Former postal supervisor gets jail-time for perjury

A one-time supervisor at Dorchester Center's post office has been sentenced to 15 months in prison for lying to criminal and civil investigators in the alleged sexual assault of a co-worker in the office's boiler room.

John Kelley, 46, a former acting manager, was sentenced last week by a U.S. District Court judge on two counts of perjury and one count of a scheme to falsify information, according to U.S. Attorney Michael Sullivan's office. The sentence also carries two years of supervised release.

Kelley's attorney, Boston lawyer Richard Vita, did not return a phone call seeking comment.

The sexual assault allegedly occurred in fall 2000, with the female employee, referred to in court papers as "KD," alleging that she was sexually harassed and ultimately sexually assaulted in the boiler room.

Both of them no longer work at the Talbot Avenue post office.

When the co-worker later brought a civil suit against Kelley, a Saugus resident, a DNA sample showed that semen recovered from the post office's boiler room was Kelley's.

A civil jury found Kelley liable for the sexual battery, awarding "KD" $600,000 in the suit. Kelley has yet to pay the money, according to Sullivan's office.
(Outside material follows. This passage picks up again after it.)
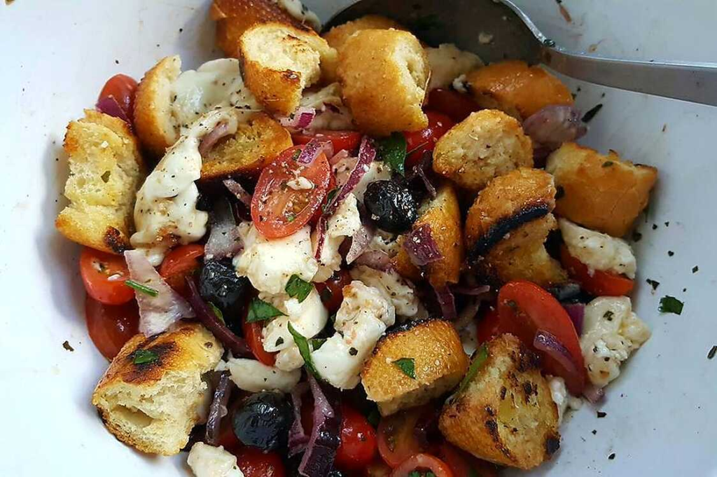 1. Pain : Coupez le pain en morceaux et faites-le tremper dans de l’eau. Pressez pour enlever l’excédent d’eau.

When interviewed by postal inspectors in October 2000, Kelley said he did not rape "KD" and denied having any sexual contact with her.

As part of a formal Equal Employment Opportunity (EEO) complaint of discrimination, Kelley was interviewed again by a United States Postal Service investigator in July 2001, saying in a written statement, "I have not discriminated against [KD] because of her sex, and I have never subjected her to sexual harassment over a period of time. Furthermore, I never raped her as she has alleged, and I had no personal relationship with her. There was never any sexual relationship between us, either consensual or otherwise."

It was in the course of the civil suit, where Kelley spoke under oath at a deposition in August 2005 and sworn testimony the following November, that Kelley admitted he made false statements to postal inspectors in October 2000 and July 2001.